What you will do ▸ Only the lines from the one that contains "事前にメールで、手持ちの指輪" to the last line below, both included, should be transcribed. Pictures stay out of the copy.

Segment Open

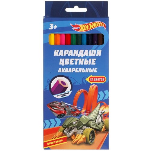 Цветные карандаши Хот Вилс, 12 цветов, акварельные УМка CPA1255386HW
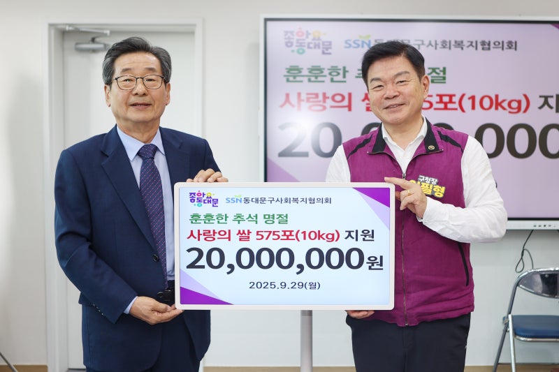µ¿´ë¹®±¸»çȸº¹ÁöÇùÀÇȸ(ȸÀå ¹Ú»óÁ¾)´Â 9¿ù 29ÀÏ µ¿´ë¹®±¸Ã»(±¸Ã»Àå ÀÌÇÊÇü)À» ¹æ¹®ÇØ 10kg »óÁÖ »ï¹é½Ò 575Æ÷(ȯ°¡¾× 2000¸¸ ¿ø »ó´ç)¸¦ ±âŹÇß´Ù.
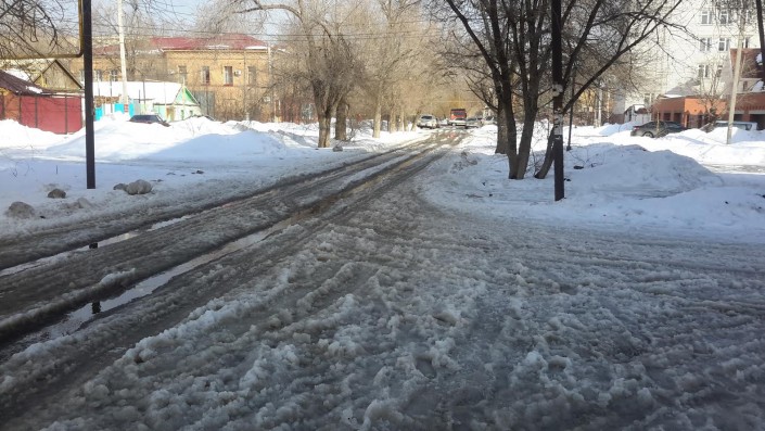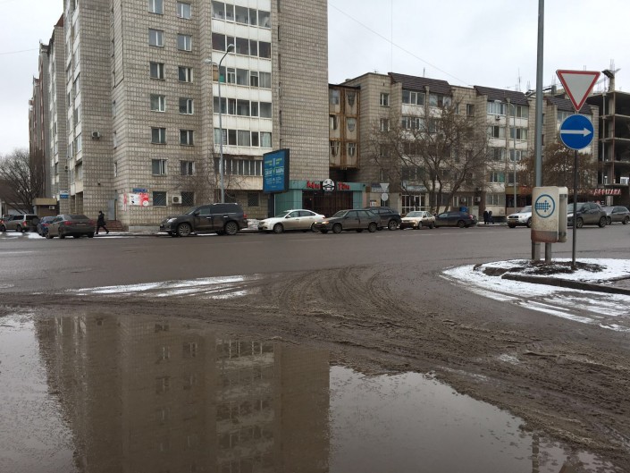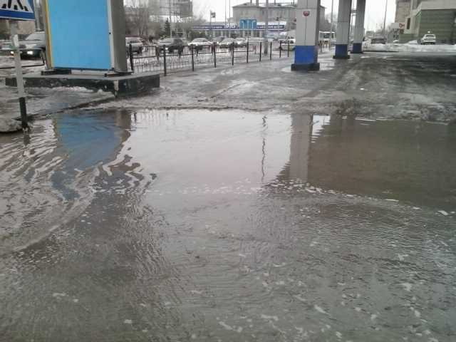 В Уральске днем уже по весеннему тепло, а ночью бывает легкий морозец. Поэтому на самых "ходовых" дорогах влага за ночь вымерзает и центральные улицы практически все уже без снега. Местами виднеется даже сухой асфальт. На второстепенных дорогах - каша из снега с водой или огромные лужи. Эти "моря разливанные", как показывает практика прошлых лет, исчезнут не раньше, чем к середине марта.
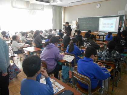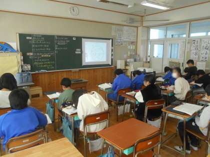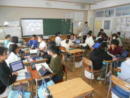 3組は国語。視覚で捉えたものを詩で表すために、写真を使って言葉で表す練習をしていました。
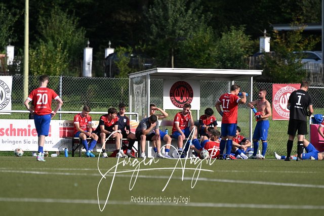 Fussball, Bezirksliga Ost, SG Neitersen-Altenkirchen (rot-blau) vs. SG Wallmenroth (hellblau), 22.09.2024 |
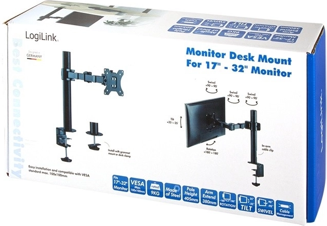 L’installation est rapide et sûre grâce à la fixation par pince sur le bord du bureau, tandis que la construction supporte jusqu’à 12 kg. L’extension du bras jusqu’à 380 mm max. offre une flexibilité idéale pour un visionnage confortable et une ergonomie optimale au travail comme en divertissement.
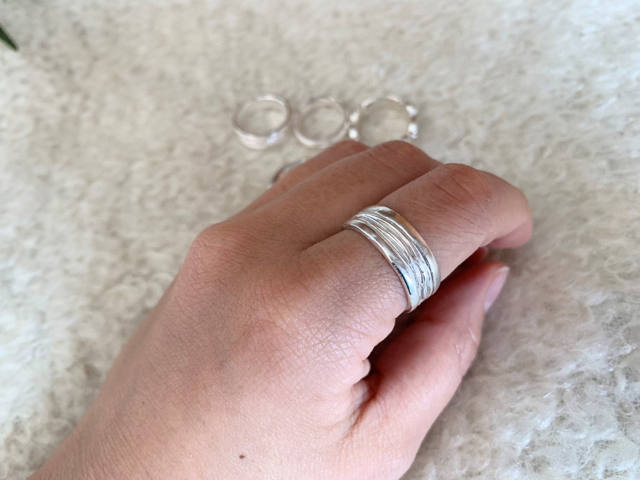 事前にメールで、手持ちの指輪に合うシンプルな指輪を作りたい希望を伝えていたところ、先生からシリコンの型で連続模様が作れると提案いただき、気に入った型にはめ込んで作ることにしました。
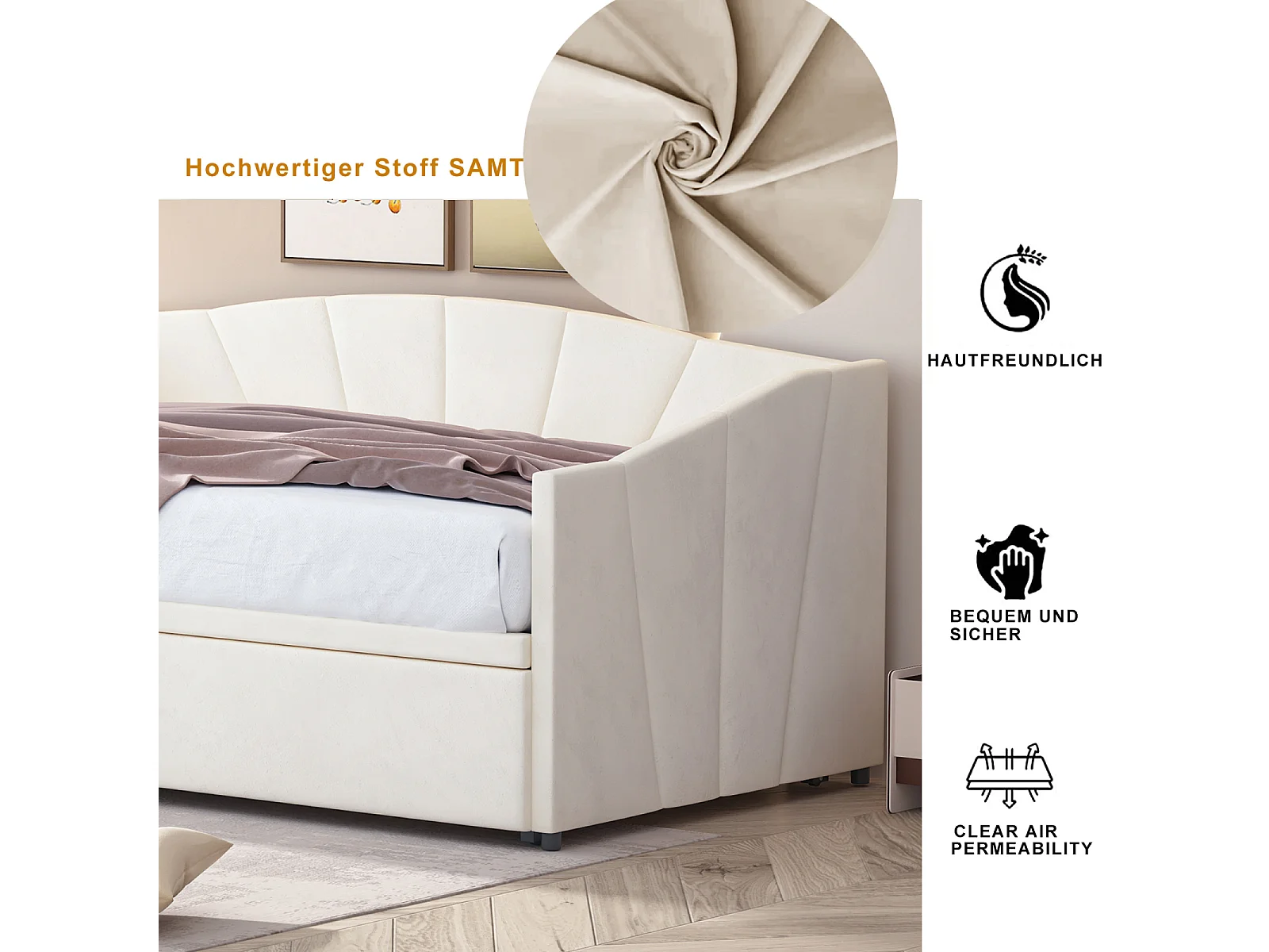 Canapé-lit multifonction 90 x 200 cm, lit avec 2 grands tiroirs de rangement, tissu velours beige (205x97x68 cm)
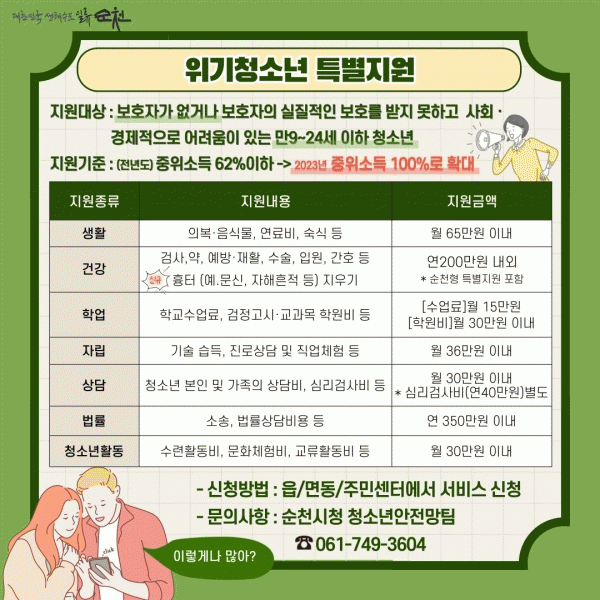 [¹Ìµð¾îÀü³² ÀÓ¼º¿Ï ±âÀÚ] ¼øÃµ½Ã´Â À§±âû¼Ò³âÀÇ °Ç°ÇÑ ¼ºÀå°ú ÀÚ¸³À» Áö¿øÇϱâ À§ÇØ À§±âû¼Ò³â Ưº°Áö¿ø ´ë»óÀÚ¸¦ 3¿ù 31ÀϱîÁö ¸ðÁýÇÑ´Ù°í ¹àÇû´Ù. Áö¿ø ´ë»óÀº º¸È£ÀÚ°¡ ¾ø°Å³ª º¸È£ÀÚÀÇ ½ÇÁúÀûÀÎ º¸È£¸¦ ¹ÞÁö ¸øÇÏ°í »çȸ¡¤°æÁ¦Àû¡¦
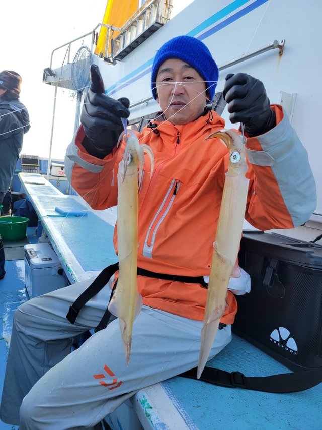 25~52cm 2~8匹 ヤリイカ船です。海上ナギ良かったが、終日潮流れず単発でポツポツ乗っていました。大型ヤリイカ多い。
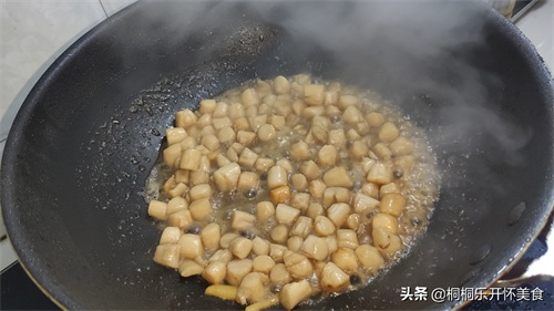 4 锅中少许的油,倒入扇贝柱翻炒,炒的过程中会出水,将水炒干
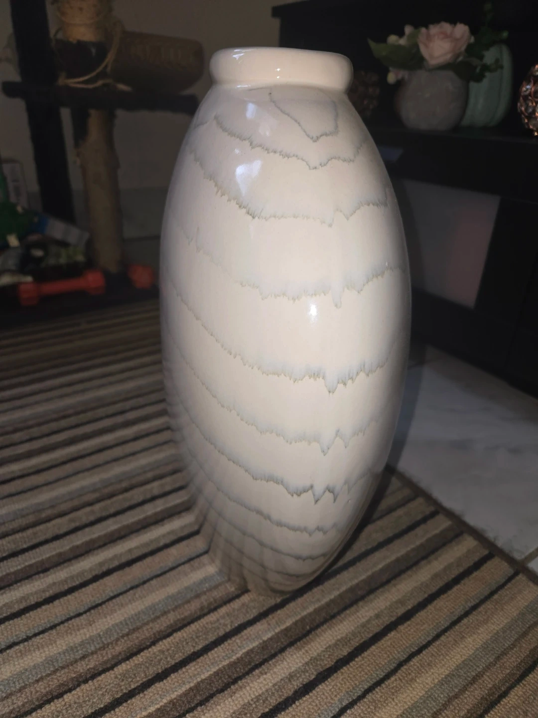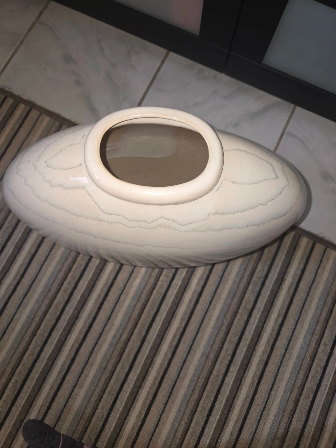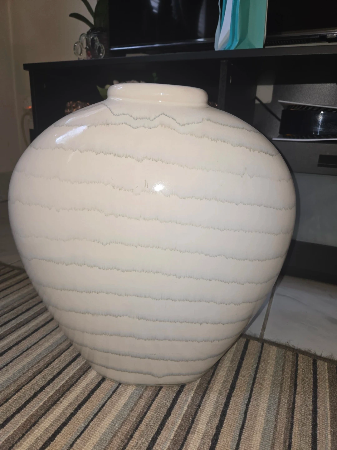 large, off-white, ribbed ceramic vase.
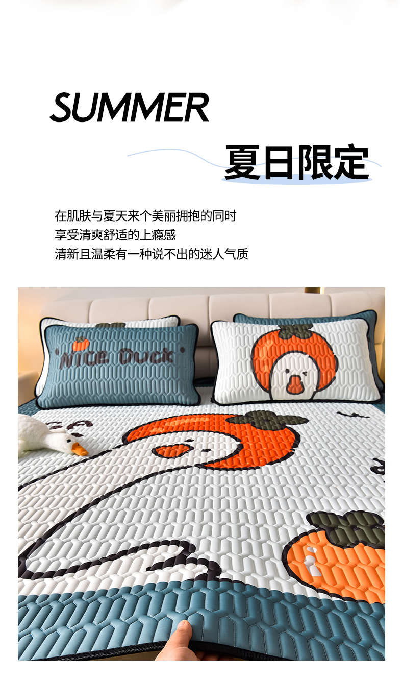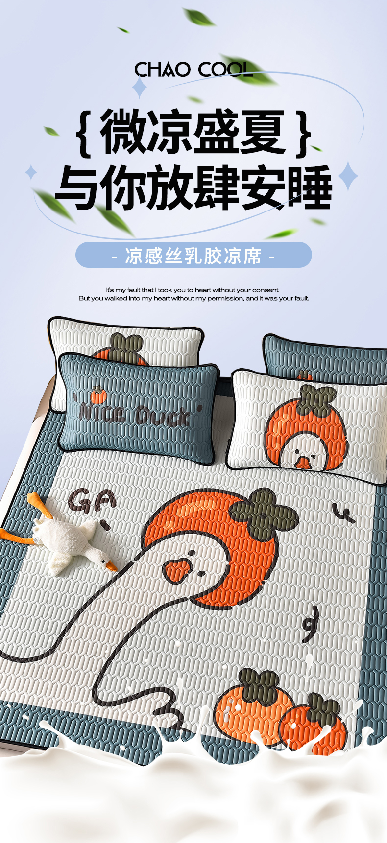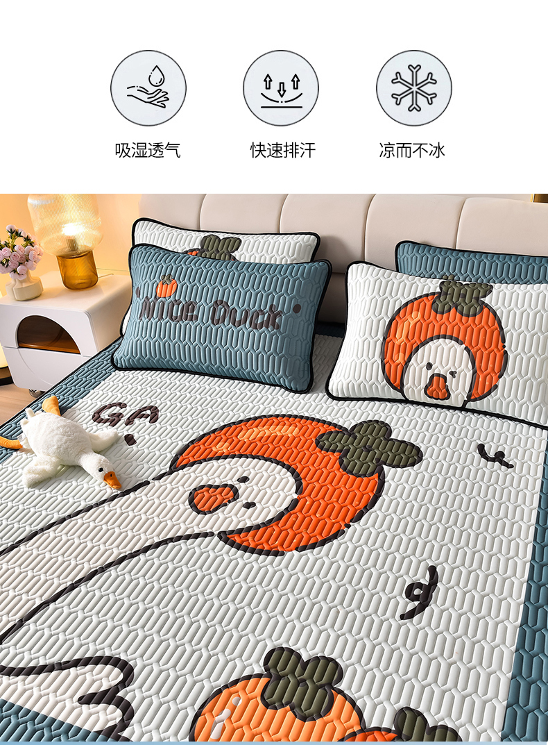 商品名称:炫拼家纺 2026新款凉感丝大版卡通乳胶凉席三件套 好柿鸭

Segment Closed

Result of this task ▸
 事前にメールで、手持ちの指輪に合うシンプルな指輪を作りたい希望を伝えていたところ、先生からシリコンの型で連続模様が作れると提案いただき、気に入った型にはめ込んで作ることにしました。
 Canapé-lit multifonction 90 x 200 cm, lit avec 2 grands tiroirs de rangement, tissu velours beige (205x97x68 cm)
 [¹Ìµð¾îÀü³² ÀÓ¼º¿Ï ±âÀÚ] ¼øÃµ½Ã´Â À§±âû¼Ò³âÀÇ °Ç°ÇÑ ¼ºÀå°ú ÀÚ¸³À» Áö¿øÇϱâ À§ÇØ À§±âû¼Ò³â Ưº°Áö¿ø ´ë»óÀÚ¸¦ 3¿ù 31ÀϱîÁö ¸ðÁýÇÑ´Ù°í ¹àÇû´Ù. Áö¿ø ´ë»óÀº º¸È£ÀÚ°¡ ¾ø°Å³ª º¸È£ÀÚÀÇ ½ÇÁúÀûÀÎ º¸È£¸¦ ¹ÞÁö ¸øÇÏ°í »çȸ¡¤°æÁ¦Àû¡¦
 25~52cm 2~8匹 ヤリイカ船です。海上ナギ良かったが、終日潮流れず単発でポツポツ乗っていました。大型ヤリイカ多い。
 4 锅中少许的油,倒入扇贝柱翻炒,炒的过程中会出水,将水炒干
 large, off-white, ribbed ceramic vase.
 商品名称:炫拼家纺 2026新款凉感丝大版卡通乳胶凉席三件套 好柿鸭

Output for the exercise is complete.